- _What you are asked to do_
Could you repeat exactly the lines from the one containing "Tijdens de showcase" through the last line of the records, with no pictures?

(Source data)

↓↓↓

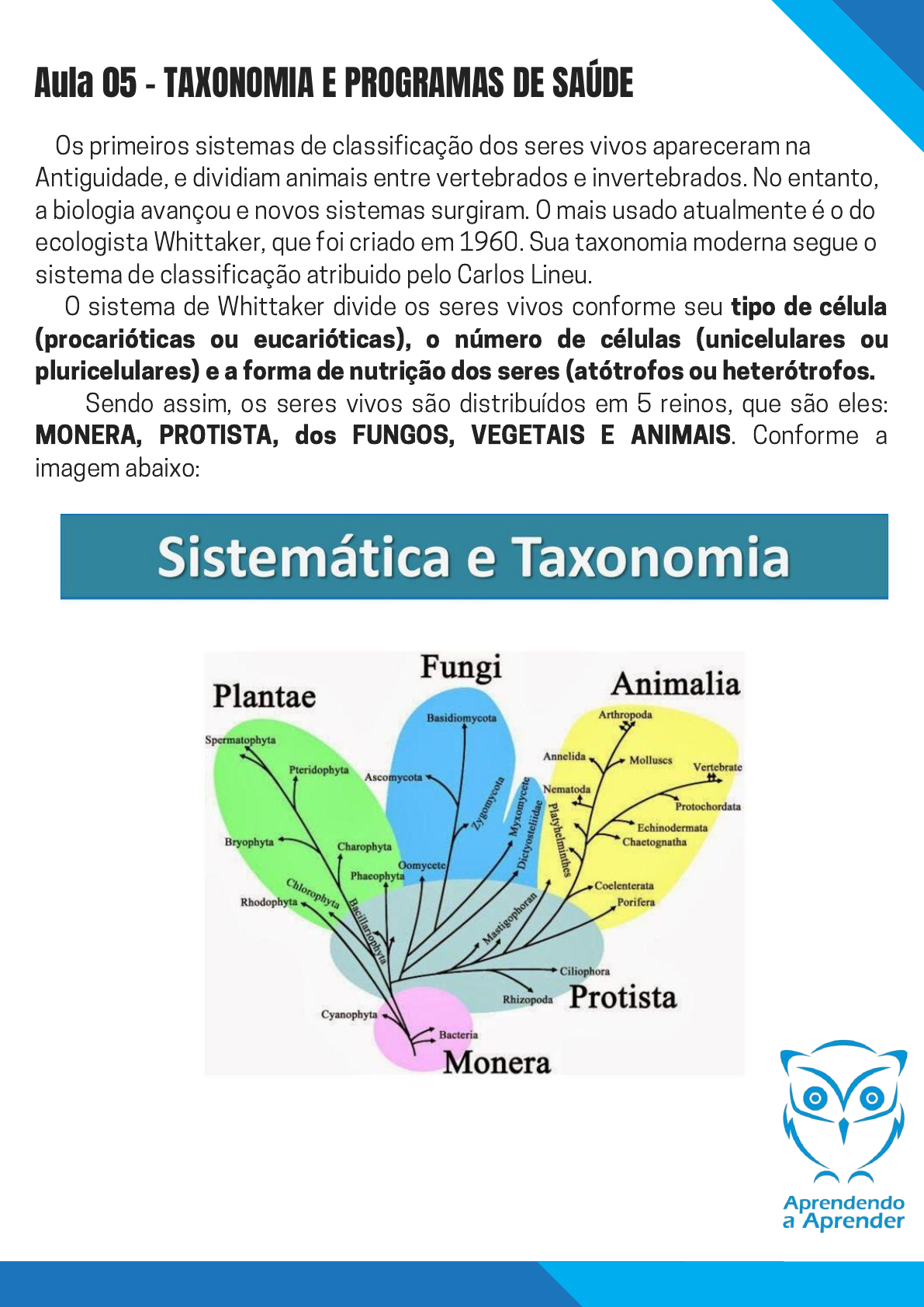Os primeiros sistemas de classificação dos seres vivos apareceram na Antiguidade, e dividiam animais entre vertebrados e invertebrados. No entanto, a biologia avançou e novos sistemas surgiram. O mais usado atualmente é o do ecologista Whittaker, que foi criado em 1960. Sua taxonomia moderna segue o sistema de classificação atribuido pelo Carlos Lineu. O sistema de Whittaker divide os seres vivos conforme seu tipo de célula (procarióticas ou eucarióticas), o número de células (unicelulares ou pluricelulares) e a forma de nutrição dos seres (atótrofos ou heterótrofos. Sendo assim, os seres vivos são distribuídos em 5 reinos, que são eles: MONERA, PROTISTA, dos FUNGOS, VEGETAIS E ANIMAIS. Conforme a imagem abaixo: Aula 05 - TAXONOMIA E PROGRAMAS DE SAÚDE Classificar em biologia é agrupar os Seres Vivos em função de seus parentescos. A classificação criada por Lineu é como uma escala, em que cada categoria faz parte de outra mais ampla. Por isso foi criado então grupos taxonômicos , que são eles: REINO, FILO, CLASSE, ORDEM, FAMÍLIA, GÊNERO e ESPÉCIE. Veja na figura colocada abaixo: Para que cada espécie seja correta e coerentemente identificada por todos, os cientistas convecionaram adotar uma nomenclatura. Conforme essas regras, todo ser vivo é identificado por gênero e espécie, com um modo especial de grafar. Exemplo: Nome cientifico do Mico-leão-dourado Classificação e Nomenclatura O nome do gênero vem antes de tudo e com inicial maiúscula. Leontopithecus rosalia O nome da espécie é escrita em minúscula. Todos os nomes são escritos em Latim e em caracteres itálicos. Lingua Oficial: Latim Espécie tem que ser binominal , escrita em letra cursiva e em destaque. A subespécie é Trinominal, cursiva e também em destaque. Exemplo: Homo Sapiens Exemplo: Homo Sapiens Sapiens Dica para a Enem: As famílias terminadas em - IDAE são animais e as terminadas em - CEAE são plantas. Domínios de Woese Em 1990, quando os conhecimentos de genética davam impulso a biologia molecular, o físico chamado Carl Richard Woese criou outro sistema de classificação depois de descobrir diferenças importantes do RNA ribossômico de vários seres procariontes, que se refletem na bioquímica e no modo de vida de cada tipo de organismo, que por isso não deveriam ser incluidos no Reino Monera. Ele então propôes dividir os organismos desse Reino em dois grandes domínios: BACTERIA (bactérias atuais e cianobactérias) e ARCHAEA ( com as bactérias primitivas). Ele criou, ainda, um outro domínio: EUCARYA, com todos os reinos de eucariontes (protistas, fungos, animais e vegetais). Regras básicas de Taxonomia (classificação) Doença Adquirida: Quando um ser pega (adquiri) ao longo da vida Doença Congênita: Quando a doença é adquirida na barriga da mãe (através da placenta) Doença Hereditaria: É aquela doença que vem escrita nos Genes. Epidemias: Surto em um local específico (Zica, Dengue...) Pandemia: Um surto em escala Global, como é o caso do corona-vírus Endemia: São doenças que se mantém constantes em um determinado local, como por exemplo a malária. Imunização: Além disso, essa imunização pode ser ativa ou passiva. A imunização ativa ocorre quando o indivíduo é responsável por produzir seus próprios anticorpos a partir de contato com o antígeno, gerando memória imune. A vacina é um exemplo de imunização ativa artificial. Vacinas são compostas por antígenos mortos, fragmentados ou enfraquecidos, fornecendo ao corpo contato com os agentes etiológicos de dadas doenças sem fornecer os sintomas que os acompanham, imunizando o corpo contra aquela doença específica. Vale ressaltar que vacinas são medidas preventivas. Na imunização passiva, por outro lado, os anticorpos foram produzidos por outro organismo. Pode ser pela mãe, passando o anticorpo pela amamentação (caso de imunização passiva natural) ou pode ser um soro feito a partir de anticorpos extraídos de dado animal (imunização passiva artificial). O soro, ao contrário da vacina, é curativo, mas NÃO gera memória imunológica. Se o antígeno for contraído uma vez e tratado com soro, a aplicação de soro será necessária em caso de nova infecção, enquanto o mesmo não é válido para as vacinas, já que elas geram memória imune, protegendo contra infecções subsequentes. Conceitos gerais em saúde Doenças: Imunização: Presença de anticorpos contra dado antígeno. Anticorpos: Proteínas de defesa contra um antígeno específico, que pode vir de forma natural (contraindo a própria doença, por exemplo) ou artificial (vacinas e soros, por exemplo). Além disso, essa imunização pode ser ativa ou passiva. A imunização ativa ocorre quando o indivíduo é responsável por produzir seus próprios anticorpos a partir de contato com o antígeno, gerando memória imune. A vacina é um exemplo de imunização ativa artificial. Vacinas são compostas por antígenos mortos, fragmentados ou enfraquecidos, fornecendo ao corpo contato com os agentes etiológicos de dadas doenças sem fornecer os sintomas que os acompanham, imunizando o corpo contra aquela doença específica. Vale ressaltar que vacinas são medidas preventivas. Na imunização passiva, por outro lado, os anticorpos foram produzidos por outro organismo. Pode ser pela mãe, passando o anticorpo pela amamentação (caso de imunização passiva natural) ou pode ser um soro feito a partir de anticorpos extraídos de dado animal (imunização passiva artificial). O soro, ao contrário da vacina, é curativo, mas NÃO gera memória imunológica. Se o antígeno for contraído uma vez e tratado com soro, a aplicação de soro será necessária em caso de nova infecção, enquanto o mesmo não é válido para as vacinas, já que elas geram memória imune, protegendo contra infecções subsequentes.
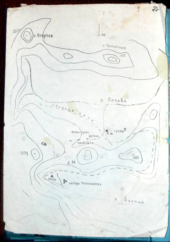 При рассмотрении фрагмента в правом нижнем углу видна надпись «2-й Северный». По левому краю карты надпись «Коми АССР», рядом – «Отортен». Ниже как раз располагается место действия, крестиком обозначен перевал Дятлова, и, скорее всего, место расположения палатки. Там же обозначена река Лозьва. Впрочем, масштаб мелкий, а надписи почти неразличимы.
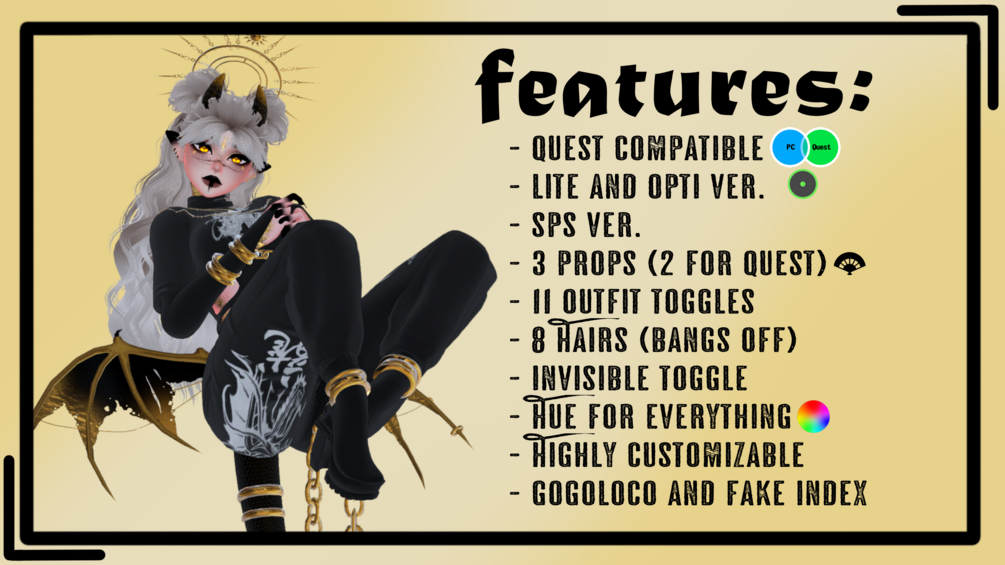 | Body by Pandaabear#9873 (EDITED BY ME, NO REUSE) | Head/Head Textures by DUCC#0008 (EDITED BY ME, NO REUSE) | Main Body Texture by Ying#6669 (EDITED BY ME, NO REUSE) | Hair Textures by Cicieaaa#7777 | Fluff's ToolBox | VRCFury Tool | GoGoLoco by Franada | SPS by wholesome | Comfy Bodysuit/Pants by PettyStore | Pants by Nguerra | Sun Halo by Empress Moon | Feather Fans by Hanee_Bee | Body Scales by Meyah (Face Tex by Foxicon) | Aureate Marks by Druidliss | Chain Heels by millkox | Sleeves by Kenvi | Cuffs, Wings, Tail, Horns by FormulaRats | Shoulder Chain by Wylo | Hip Chains by Ryafalls | Chest Metal Piece by LoloVRC | Necklace by KingShai69 | Down Hair, Braids, Bun by Nessy | Earrings by Hyacinth | Face Jewelry by Jellyvrc | Half Up Hair by Saikura | Sunbeam Fans & Cloud Portal Ribbons by GM | Main Bodysuit/Dress/Garter/Heels/Belt Sleeves/Belt/Belt Dress/Belt Socks by Darcy | Chunky Heels by Gashina | Sheer Bodysuit by Loki's Vanity | Infinity top by Nauuki | | String Swimsuit by Confuse | Cross Bodysuit by Deimos | Showcase by @MeltedSlushie | Photography by Crazygirl2591 |
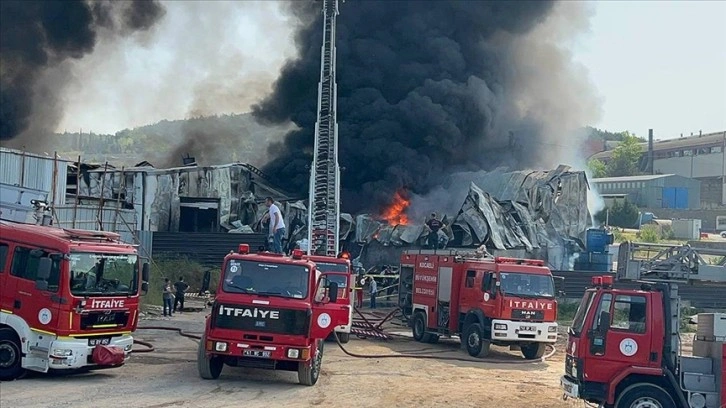 Kocaeli Büyükşehir Belediyesi İtfaiyesi ekipleri yangını kontrol altına almaya çalışıyor.
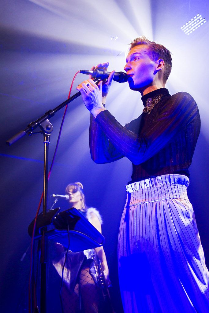Tijdens de showcase van Reindier op 9 april is het net alsof je je midden in een soort sprookjes-disco bevindt. Toetsenist Rosa Sanne betreedt het podium met twee zeer indrukwekkende roze knotjes, en ook de achtergrondzangeressen lijken zo uit een glitterparadijs te zijn gestapt. Reinier draagt een wit pak met een doorschijnend zwart shirt. Hij draagt rode lippenstift. De muziek is snerpend, aanstekelijk, akelig mooi en over de top. Maar nooit is het too much. Enerzijds raakt het de diepste dallen van je ziel, anderzijds waan je je bij een opzwepend popconcert. Vanaf het eerste moment is het publiek getuige van een spectaculaire show met dans, muziek en theater. De zangeressen pakken de stukjes van de zang op die Reinier niet meer haalt maar toch weet ‘ie keer op keer de aandacht naar zich toe te trekken. Het is die blik. Diezelfde blik die iemand als Perfume Genius ook heeft. Die doordringende kracht om door te gaan na een tragisch moment uit je leven. Of dit nu verslaving is, zoals bij Perfume Genius, of het verliezen van je stem. Wetende dat er een verhaal achter de muziek schuilt wordt Reindier beetje bij beetje boeiender. ‘Ik ben zo blij,’ zegt Reinier opgelucht na de show. ‘Dit voelt goed zeg!’
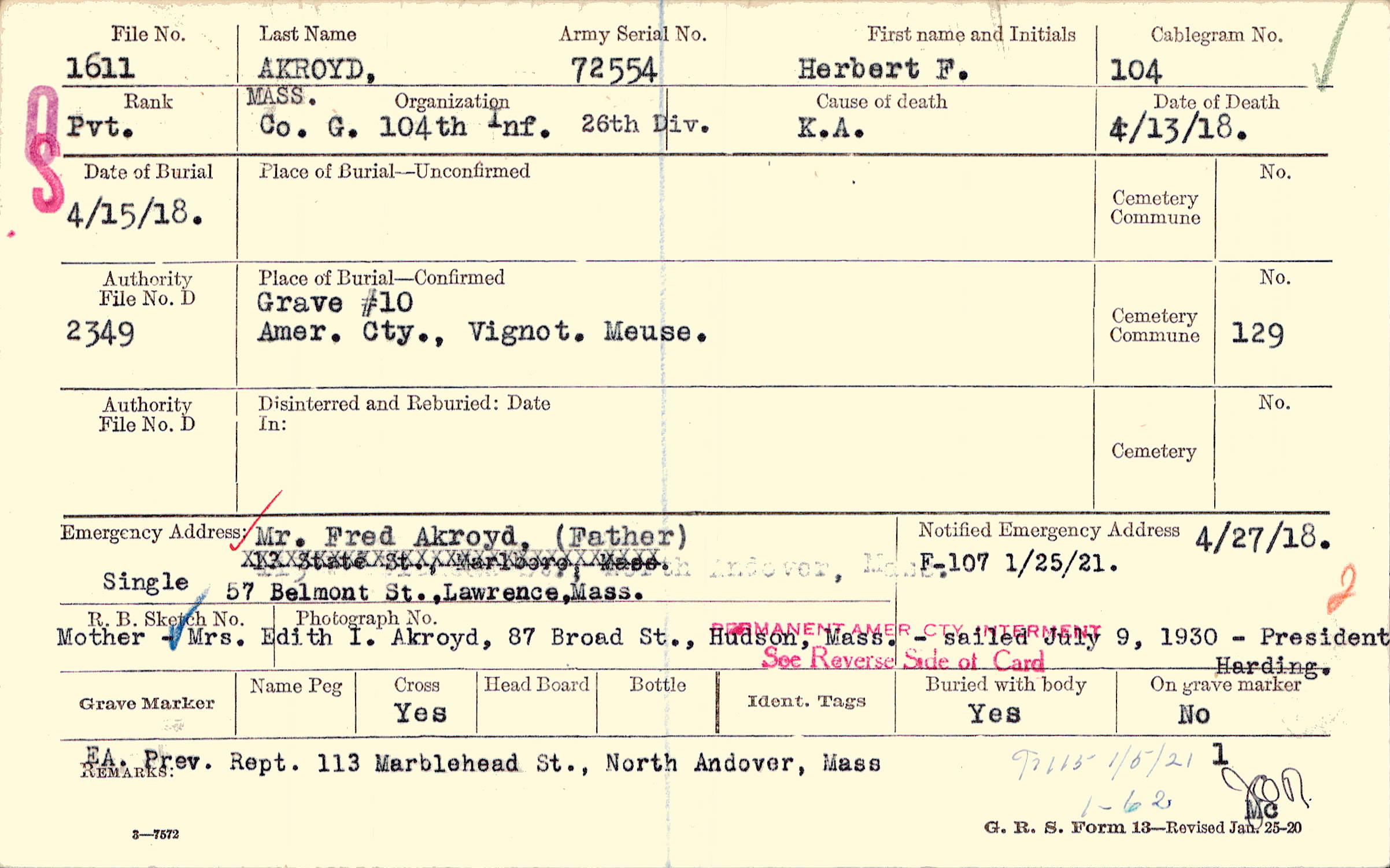 Mr. Fred Akroyd, (Father), 57 Belmont St.,Lawrence,Mass., Single Mother - Mrs. Edith I. Akroyd, 87 Broad St., Hudson, Mass. - sailed July 9, 1930 - President Harding.

↑↑↑

- _Written response_
Tijdens de showcase van Reindier op 9 april is het net alsof je je midden in een soort sprookjes-disco bevindt. Toetsenist Rosa Sanne betreedt het podium met twee zeer indrukwekkende roze knotjes, en ook de achtergrondzangeressen lijken zo uit een glitterparadijs te zijn gestapt. Reinier draagt een wit pak met een doorschijnend zwart shirt. Hij draagt rode lippenstift. De muziek is snerpend, aanstekelijk, akelig mooi en over de top. Maar nooit is het too much. Enerzijds raakt het de diepste dallen van je ziel, anderzijds waan je je bij een opzwepend popconcert. Vanaf het eerste moment is het publiek getuige van een spectaculaire show met dans, muziek en theater. De zangeressen pakken de stukjes van de zang op die Reinier niet meer haalt maar toch weet ‘ie keer op keer de aandacht naar zich toe te trekken. Het is die blik. Diezelfde blik die iemand als Perfume Genius ook heeft. Die doordringende kracht om door te gaan na een tragisch moment uit je leven. Of dit nu verslaving is, zoals bij Perfume Genius, of het verliezen van je stem. Wetende dat er een verhaal achter de muziek schuilt wordt Reindier beetje bij beetje boeiender. ‘Ik ben zo blij,’ zegt Reinier opgelucht na de show. ‘Dit voelt goed zeg!’
 Mr. Fred Akroyd, (Father), 57 Belmont St.,Lawrence,Mass., Single Mother - Mrs. Edith I. Akroyd, 87 Broad St., Hudson, Mass. - sailed July 9, 1930 - President Harding.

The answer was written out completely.